## What you should do
Reproduce exactly the lines of this material that begin at the line with "Отзывы на Лежанка" and end at the line with "Feita em metal", both included. Omit the pictures and everything else.

● ● ● ●

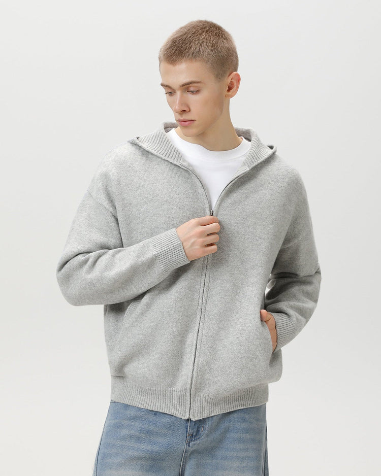 Minimalist Zip-Up Wool Blend Hoodie Cardigan
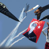 Isı güdümlü füzeleri şaşırtmak için kullanılan alev toplarının da (flare) atıldığı gösteri, izleyenler tarafından merakla takip edildi.
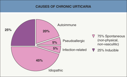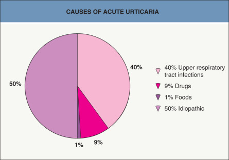 It is often difficult to know the exact pathogenesis of individual cases of urticaria, and many cases remain idiopathic after evaluation. See Figs 18.3 and 18.6 .
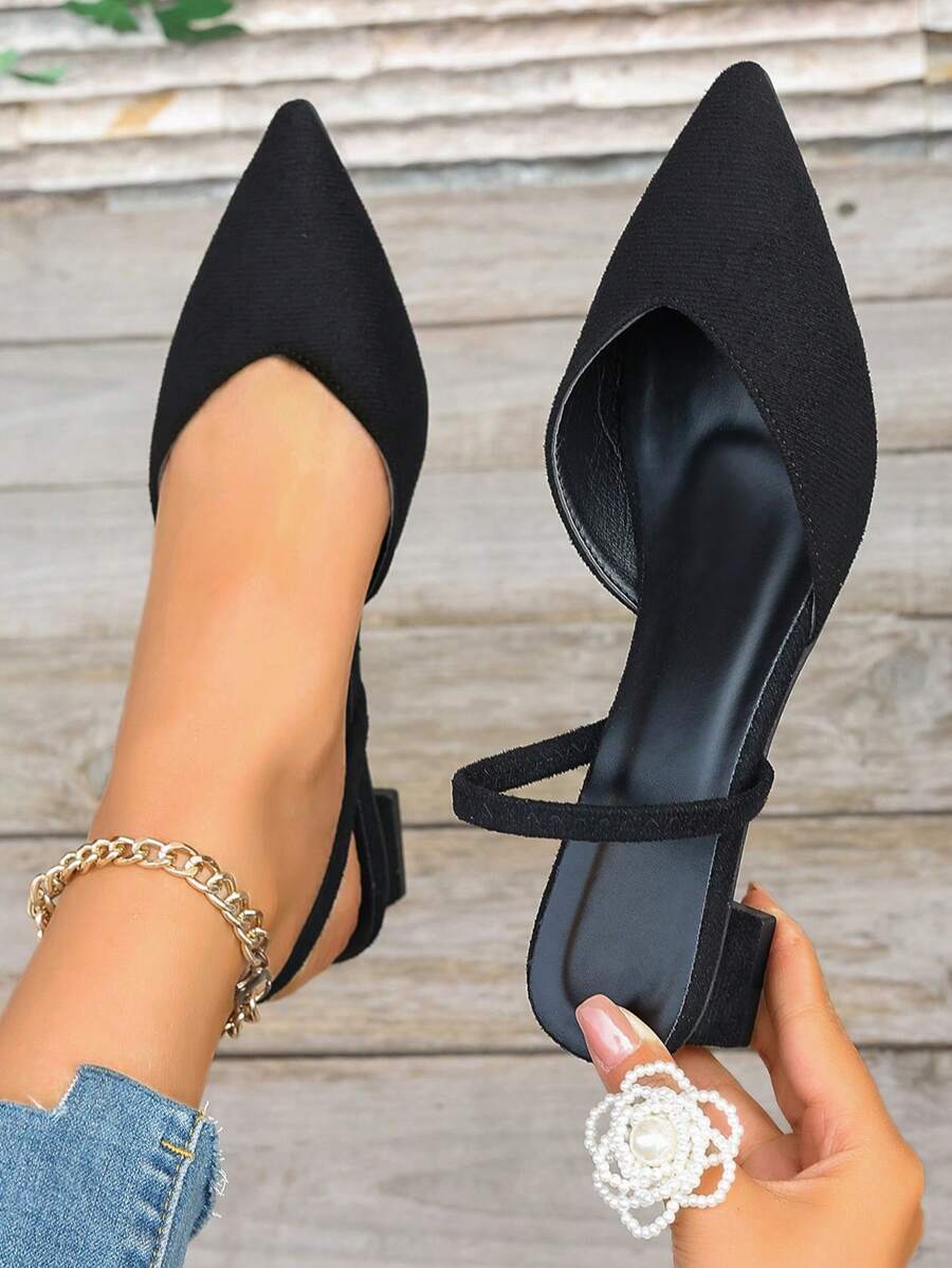 2025秋冬季黑色高跟露跟尖头穆勒拖鞋女鞋,高跟凉鞋,优雅,女士浅口鞋,高贵典雅
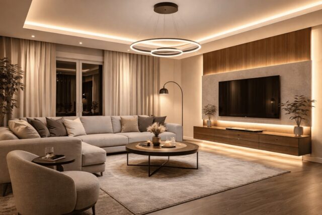 Nowoczesny salon wymaga równowagi między nastrojem a funkcjonalnością. Zbyt słabe światło utrudnia czytanie, natomiast nadmiar może męczyć wzrok. Dlatego tak istotna jest możliwość regulacji. Temperatura barwowa wpływa na odbiór kolorów i atmosferę. Ciepłe odcienie sprzyjają odpoczynkowi. Neutralne lepiej sprawdzają się podczas pracy. Znaczenie ma również współczynnik oddawania barw. Wyższe wartości pozwalają wierniej prezentować materiały wykończeniowe. Ma to duże znaczenie w starannie zaprojektowanych wnętrzach. W praktyce często stosuje się kilka typów opraw jednocześnie, między innymi:
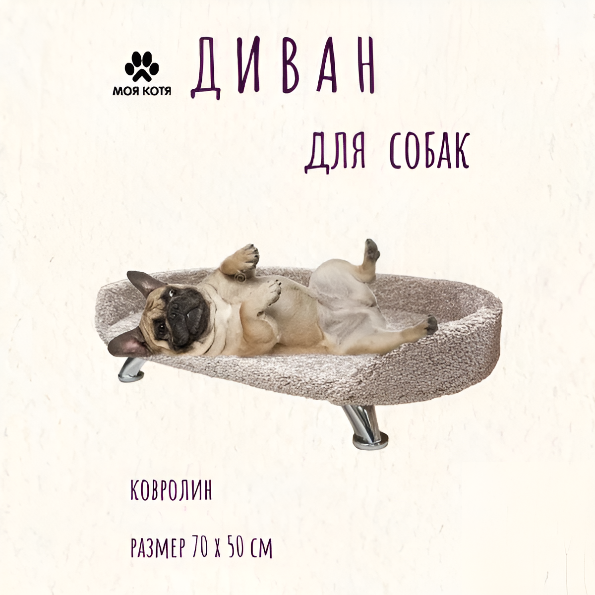 Отзывы на Лежанка для собак Моя Котя на ножках, бежевый ковролин, 70х50х10см
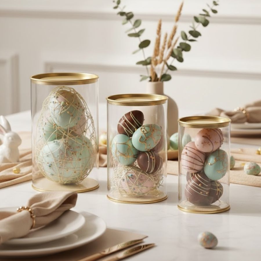 Feita em metal resistente, a lata oferece durabilidade e segurança, mantendo o chocolate protegido contra luz e umidade. Seu formato versátil permite também o uso em kits de doces, bombons, trufas ou lembranças temáticas, sendo uma excelente opção para personalizações e embalagens de Páscoa premium. O estilo clean combina com qualquer identidade visual, desde o clássico ao contemporâneo.
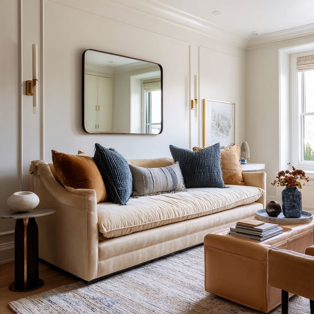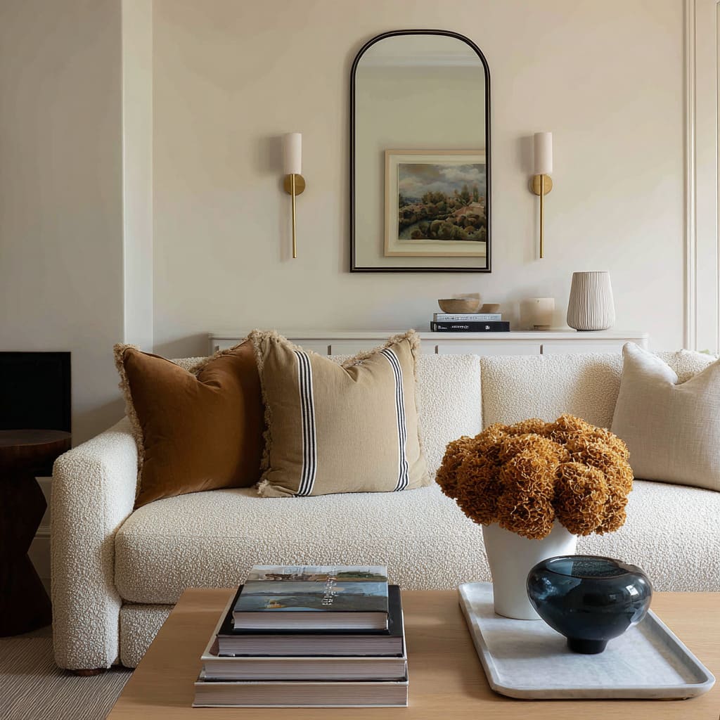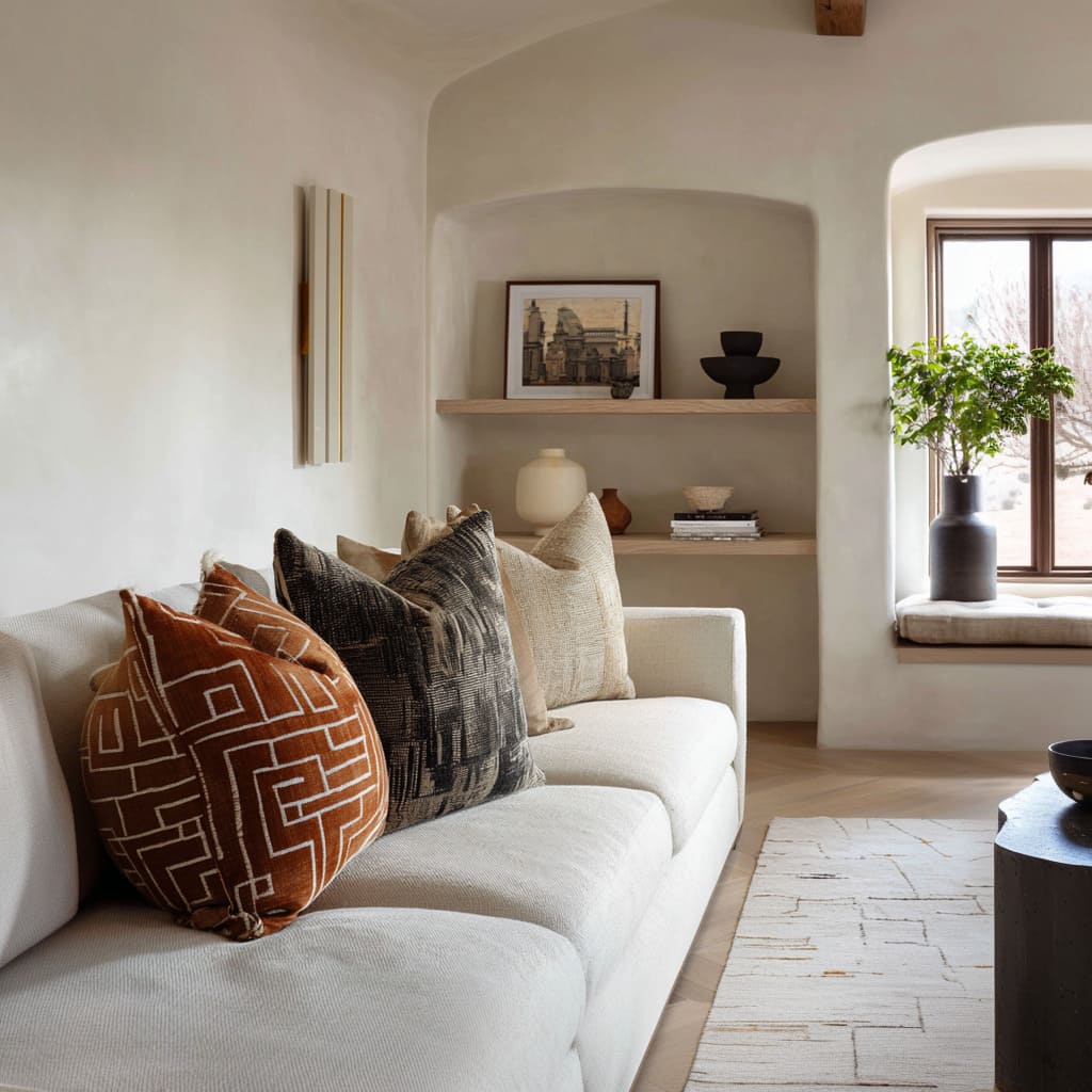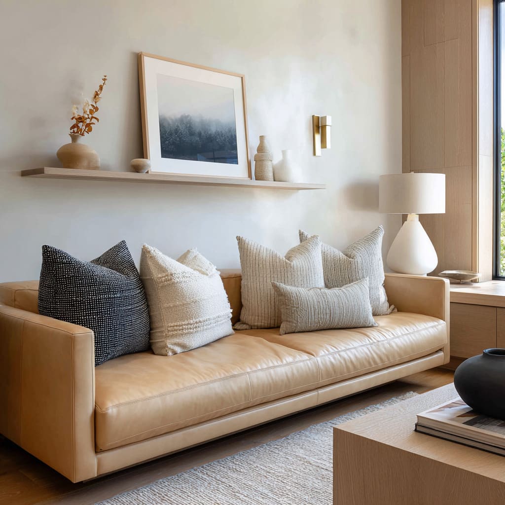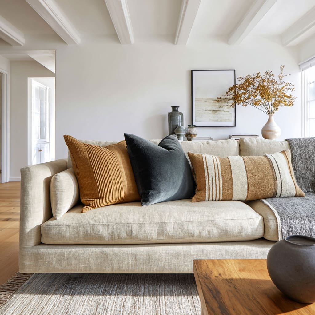 A warm camel or clay pillow placed where the body naturally sits sets the emotional tone, then smaller neutrals keep it from turning into an obvious color story. The effect is subtle: the room feels warmer without looking “more colorful.
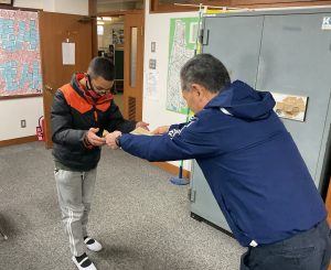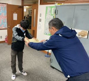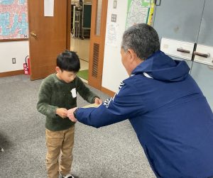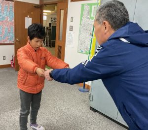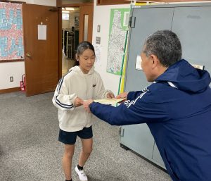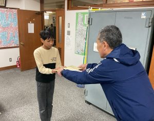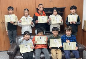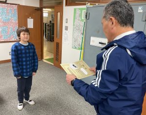 12月25日(木)夏休み前後に書写で取り組んだ「全国書画展」の毛筆 応募作品で、金賞を受賞した子の表彰が校長室で行われました。
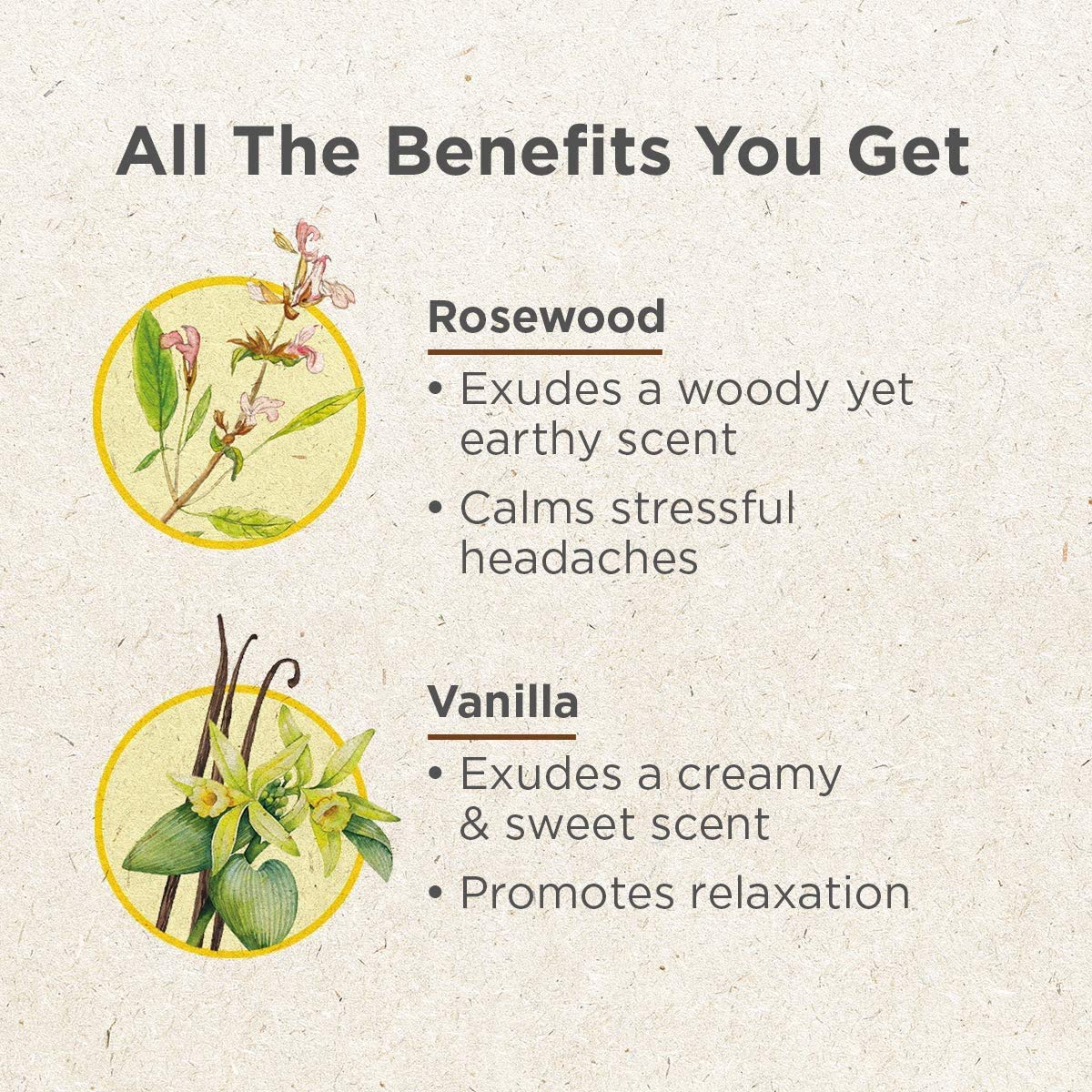 • DIFFUSE OR TOPICAL - Blend rosewood essential oil & vanilla essential oil into diffuser together to relieve headaches for carefree moments.

● ● ● ●

## Reply to the task
 Отзывы на Лежанка для собак Моя Котя на ножках, бежевый ковролин, 70х50х10см
 Feita em metal resistente, a lata oferece durabilidade e segurança, mantendo o chocolate protegido contra luz e umidade. Seu formato versátil permite também o uso em kits de doces, bombons, trufas ou lembranças temáticas, sendo uma excelente opção para personalizações e embalagens de Páscoa premium. O estilo clean combina com qualquer identidade visual, desde o clássico ao contemporâneo.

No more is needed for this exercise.